In certain ones of such embodiments, processor 231 of research
system 201 serves to read ancillary codes and extract signatures
from audio data transduced by the microphone 221 in the manner
described above in connection with the embodiments of FIGS. 1
through 5. Certain ones of these embodiments communicate the
ancillary codes that have been read and the signatures that have
been extracted to the PUA 21 by communications 211 for storage
and/or communication from the PUA.
[0086] In certain ones of these embodiments, storage 241 serves to
store the ancillary codes and/or signatures for subsequent
communication to the PUA 21. In certain ones of such embodiments,
research system 201 serves to store audio data transduced by the
microphone 221 in storage 241, and subsequently communicates the
audio data to PUA 21 via communications 211. PUA 21 processes the
audio data as described hereinabove to produce research data
therefrom. In certain ones of such embodiments, research system 201
receives audio data from PUA 21 via communications 211 and
processor 231 serves to produce research data from the audio data
which either is stored in storage 241 and subsequently communicated
to PUA 21 by communications 211 or communicated thereby without
prior storage in research system 201.
[0087] In certain ones of such embodiments, processor 231 of
research system 201 receives presentation data and/or metadata of
the presentation data from PUA 21 via communications 211 and
processes the presentation data and/or metadata to produce research
data therefrom. Such presentation data and metadata is received by
PUA 21 in a form other than acoustic data such as electrical or
electromagnetic data. Research system 201 either stores such
research data in storage 241 and subsequently communicates it to
PUA 21 by communications 211, or communicates the research data to
PUA 21 by communications 211 without prior storage in research
system 201. In certain embodiments of research system 201,
processor 231 adds a time and/or date stamp to research data, media
data, presentation data or metadata of one of the foregoing
received, produced, stored or communicated thereby.
[0088] In certain ones of such embodiments, research system 201
receives audio data, presentation data and/or metadata of one of
the foregoing from PUA 21 via communications 211 and stores the
received data in storage 241. Subsequently, system 201 reads the
stored data from storage 241 and communicates it to PUA 21 which
either processes it to produce research data therefrom or
communicates it to a processing facility for producing research
data.

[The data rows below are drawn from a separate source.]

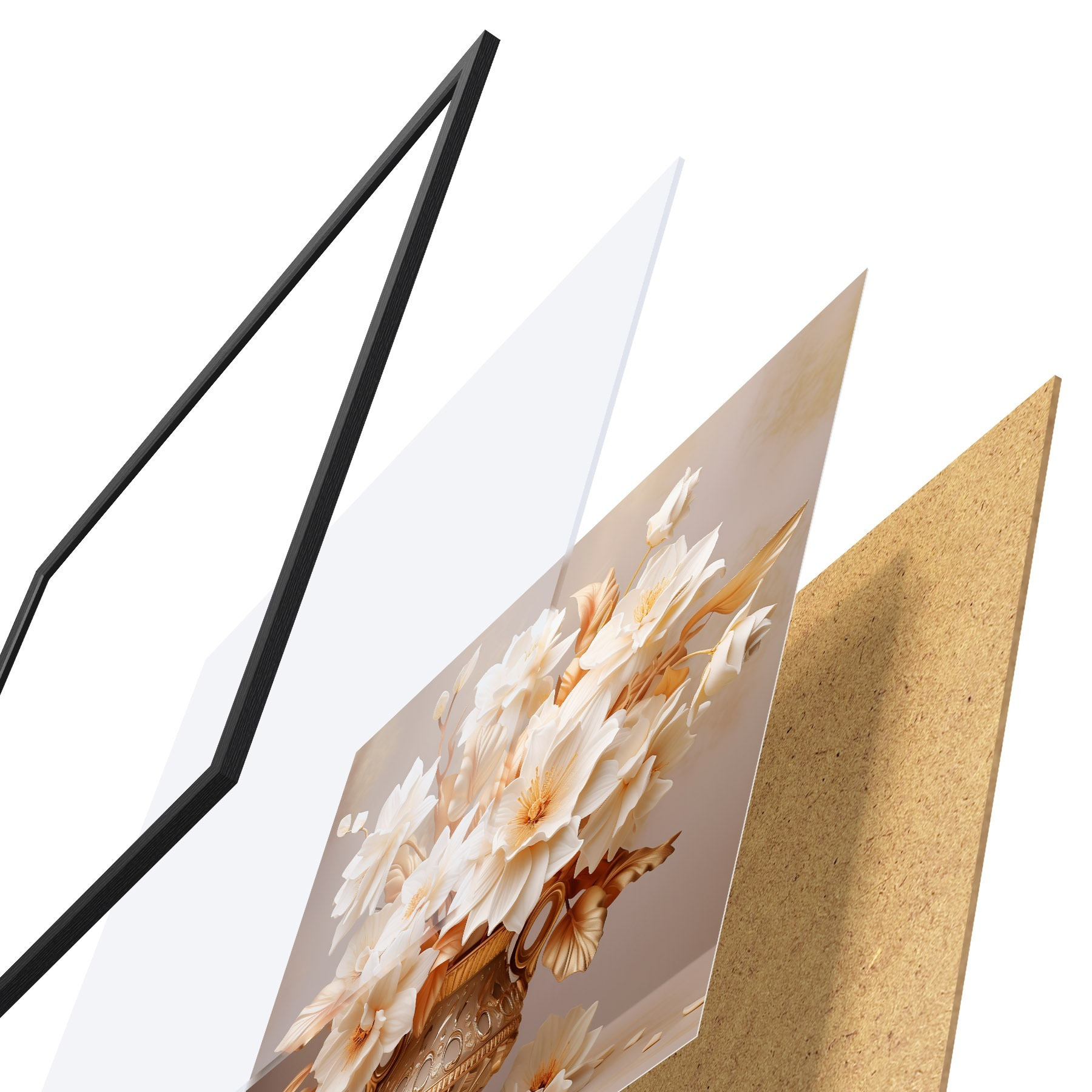 Plakatą sudaro rėmas, pleksiklas, atspausdintas vaizdas ir medžio drožlių plokštės pagrindas. Plakatą galima iš karto pakabinti ant sienos dėl kitoje pusėje esančių laikiklių.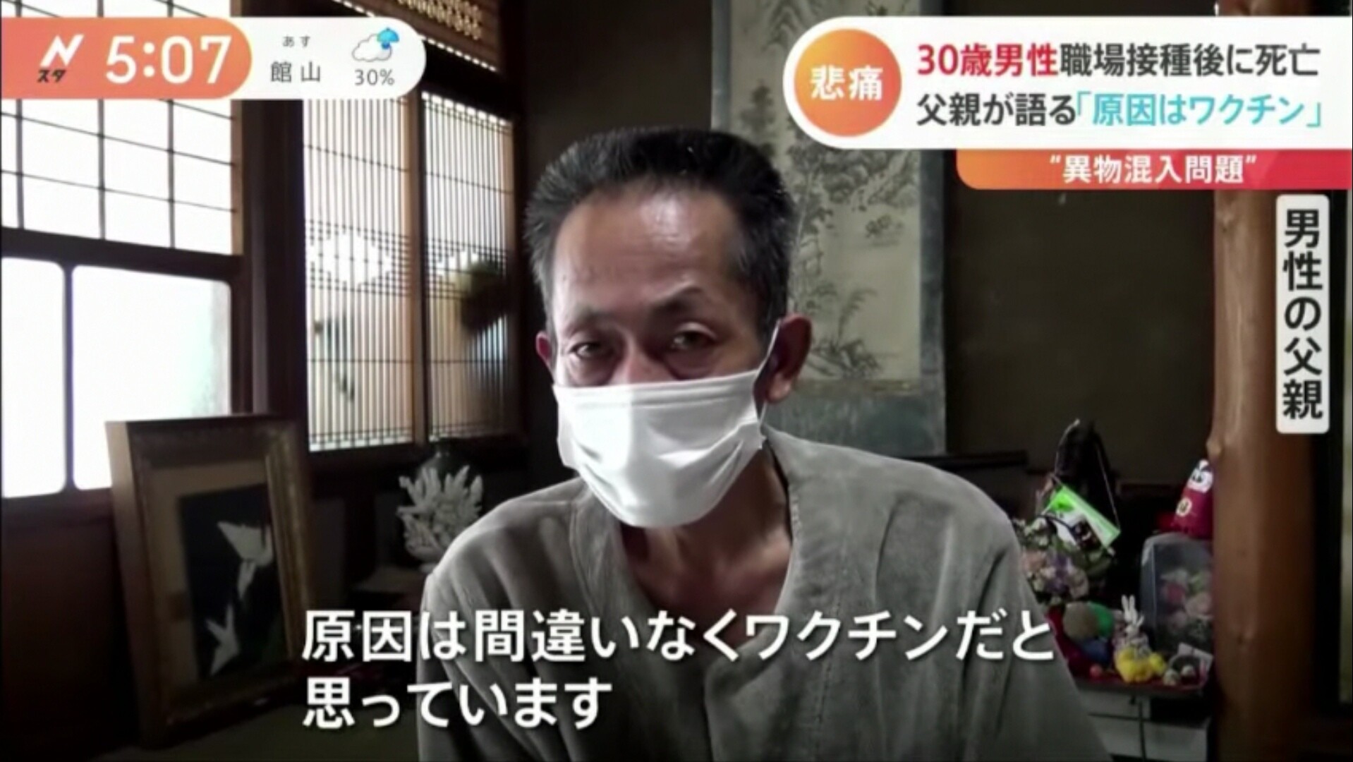 【悲報】モデルナ接種後に死亡30歳男性の父「原因は間違いなくワクチン。はっきりさせたい」
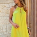 For your summer days,you need a relaxed and dreamy dress to accompany you. So how about this piece? The off-shoulder design can lend you some sexy and flirty look,and the unique halter style can help you draw more attention. Different colors for your optional.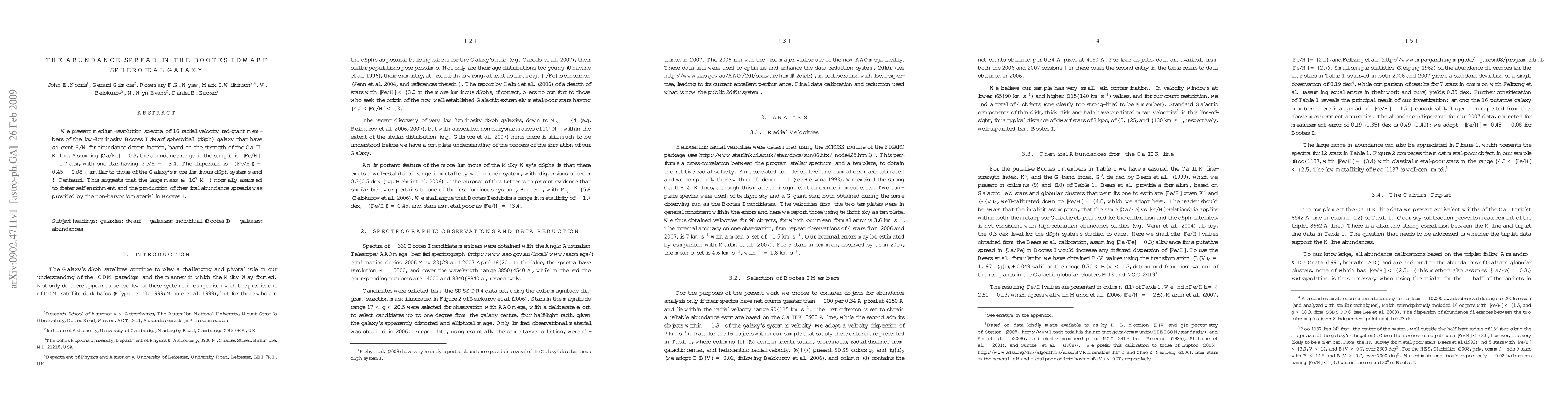 This study analyzes the chemical abundances of 16 red-giant stars in the Bootes I dwarf spheroidal galaxy, revealing a significant spread in iron abundances despite the galaxy's low luminosity. The findings suggest that non-baryonic material contributes to the galaxy's large mass, which typically supports self-enrichment and abundance diversity.

Communication of the research data from the PUA 21 affords a
number of advantages. At least a first advantage includes being
able to provide a user a research system of smaller size and lower
weight since (1) it need not itself comprise hardware enabling
communication of the research data to the processing facility, (2)
a smaller power source, commonly a battery, thus decreasing the
size and weight of the research system may be used for operation
thereof, and (3) less data storage capacity is necessary in the
research system given the opportunity for frequent communication of
research data between the PUA 21 and the research system 201. At
least a second advantage includes an opportunity for increased
frequency of reporting of the research data to the research data
processing facility since the PUA 21 is readily available for the
communication thereof.
[0089] In certain ones of the foregoing embodiments, PUA 21 gathers
media data research data from media data received thereby in
non-acoustic form and/or metadata of such media data. PUA 21 either
stores such media data research data and later communicates it to a
research organization via communications 41, or communicates it
without first storing it. In certain ones of such embodiments, PUA
21 receives audio data research data from system 201 produced
thereby from audio data, and communicates the audio data research
data to a research organization via communications 41. In certain
ones of such embodiments, PUA 21 combines the audio data research
data and the media data research data for communication to a
research organization via communications 41.
[0090] Embodiments disclosing various configurations for a research
data monitor, as well as a research data monitor operatively
coupled with a PUA is disclosed in U.S. Pat. No. 7,908,133 and is
incorporated by reference herein. Research software for the
research data monitor and/or PUA is provided to those of the
foregoing devices implementing research operations by means of
programmed processors. In certain embodiments, the research
software is stored at the time of manufacture. In others, it is
installed subsequently, either by a distributor, retailer, user,
service provider, research organization or other entity by download
to the respective device or by installation of a storage device
storing the research software as firmware, or otherwise.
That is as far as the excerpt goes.